1. The internet’s globalization of e-commerce is one of the most interesting things to happen in human history.

Before the internet, if you wanted to sell something, you were mostly stuck in your local town or country. Now anyone with a phone and Wi-Fi can sell to anyone on Earth.  

Why it’s historic: It’s like the invention of shipping containers or electricity, invisibly powering how humans trade, but on steroids.

2. Everyone now has never-ending competition.

Old world: You competed with the 5 other shops in your city.  

New world: You compete with 7.9 billion people, 24/7, many of whom will work for pennies and never sleep (thanks to AI tools).  

There’s no “off switch.” Even while you sleep, someone in Vietnam is undercutting your price.

3. AI is only going to make it accelerate faster.

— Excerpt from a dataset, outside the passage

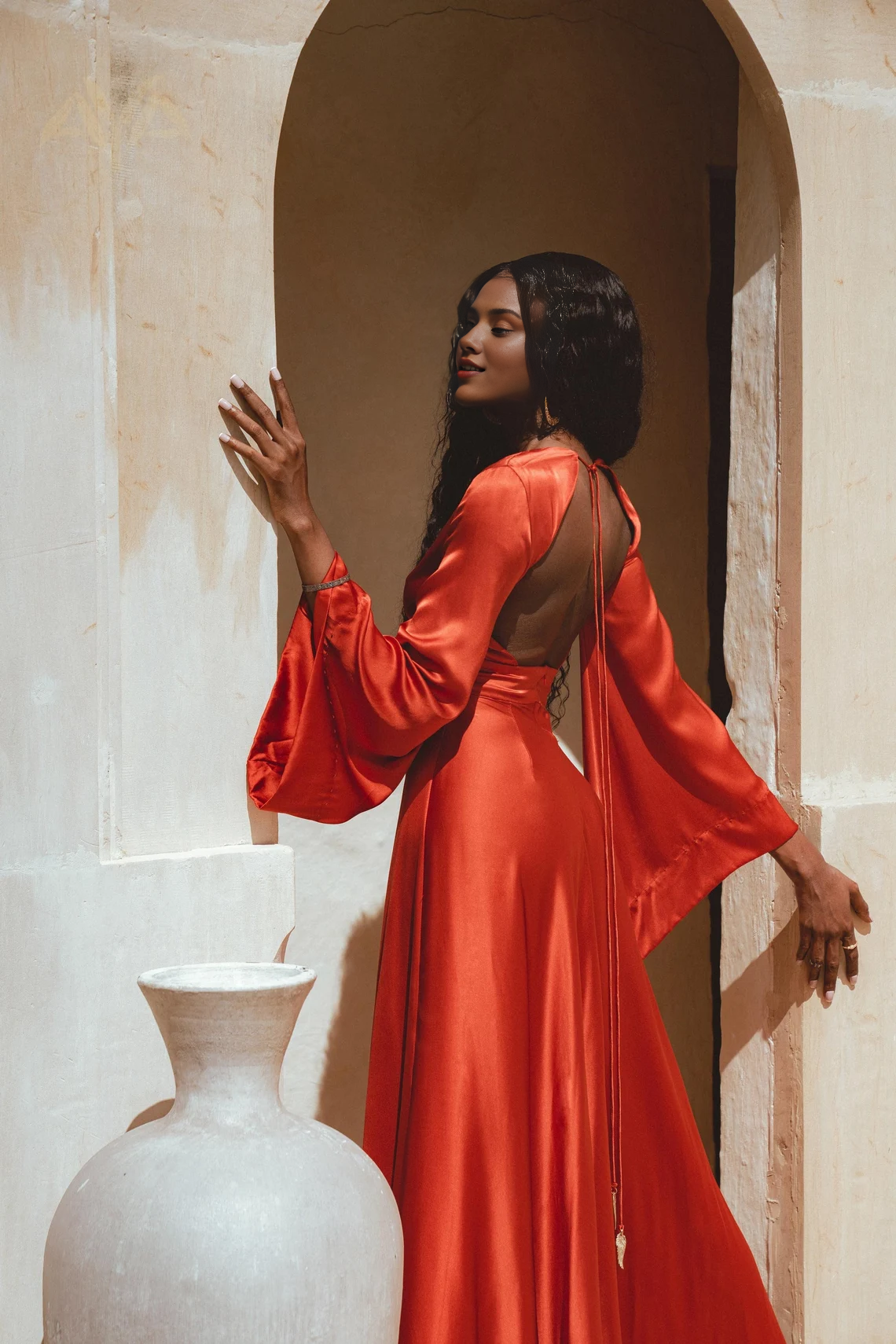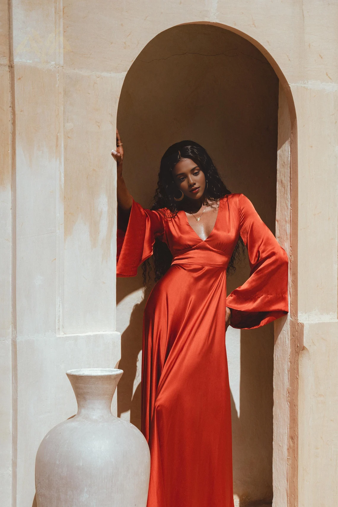 A-line Deep V Neck Long Sleeves Backless Floor Length Bridesmaid Prom Party Dress

AI = the great equalizer + accelerator.  A kid in Kenya can now write perfect English copy using AI.  

A factory in Indonesia can design products faster than a Silicon Valley team.  

Customer support? AI chatbots in 100 languages, 24/7.

The gap between “rich country talent” and “poor country hustle” is collapsing.

4. There are so many 2nd and 3rd order consequences that it’s tough to fully grasp the implications.

1st order: Cheaper products, more choice.  

2nd order: Entire industries (e.g., graphic design, copywriting) get disrupted globally.  

3rd order:  Kids in slums become millionaires via dropshipping.  

Western middle-class jobs vanish.  

New global brands emerge from nowhere (think Shein, but 100x more).

It’s like trying to predict the world after the printing press, we are at the very beginning of the race.

5. With AI you no longer have as strong of lingual or racial advantages in certain markets.

Old advantage: “I speak English, so I dominate U.S. customers.”  

New reality: AI translates, writes, and markets in perfect Spanish, Arabic, or Swahili.  A seller in Pakistan can now sound like a native New Yorker.  

A Brazilian designer can pitch to Japanese clients flawlessly.

Language and appearance don’t protect you or provide a home team advantage anymore.

6. If you think you are hungrier than a kid in a poor country who just got internet access + AI, you’re probably underestimating how desperately they are willing to escape poverty.

Motivation asymmetry:  You might work 40 hours to pay rent.  

They’ll work 80 hours to feed their family and escape a slum.

Hunger isn’t just a metaphor, it’s raw survival instincts. That kid will learn Fiverr, Canva, ChatGPT, and TikTok ads in a week.

7. There are billions of them, only a handful need the right combination to become competitive with you.

Numbers game:  1 billion people live on <$2/day.  

Even if 0.001% of them figure out e-commerce + AI → 10,000 new competitors.

You don’t need to lose to all of them, just to the smart, hungry 1%.

8. They probably have labor cost advantages over you.

Cost of living arbitrage:  You need $3,000/month to live in Seattle.  

They need $300/month in Lagos.

They can offer the same service for 1/10th the price and still feel rich.

9. First mover advantages are a real thing, you too now have an unlimited global market to work with.

The flip side (hope?):  You’re not just playing defense, you can play offense.  

That same kid in Kenya? You can hire them for $5/hour to crush your competition.  

You can sell to China, India, Brazil without ever leaving your couch.

The game isn’t zero-sum, it’s infinite-sum. The pie just got way bigger (with caveats, e.g. The Great Firewall of China).

TL;DR

The internet is now a single arena with the entire world playing in it, and AI just gave everyone a knife. The kid in the slum is hungrier than you, cheaper than you, and learning faster than you. But you also have the same tools, more money, and a head start.

Your move is to adapt or die. Learn AI, automate, go global.  

Or get disrupted by someone who can thrive on your monthly coffee budget.

It’s not doomsday, it’s capitalism evolving at light speed.

The internet + AI is turning the entire planet into one giant, hyper-competitive marketplace. ​

This blog post is a big-picture wake-up call!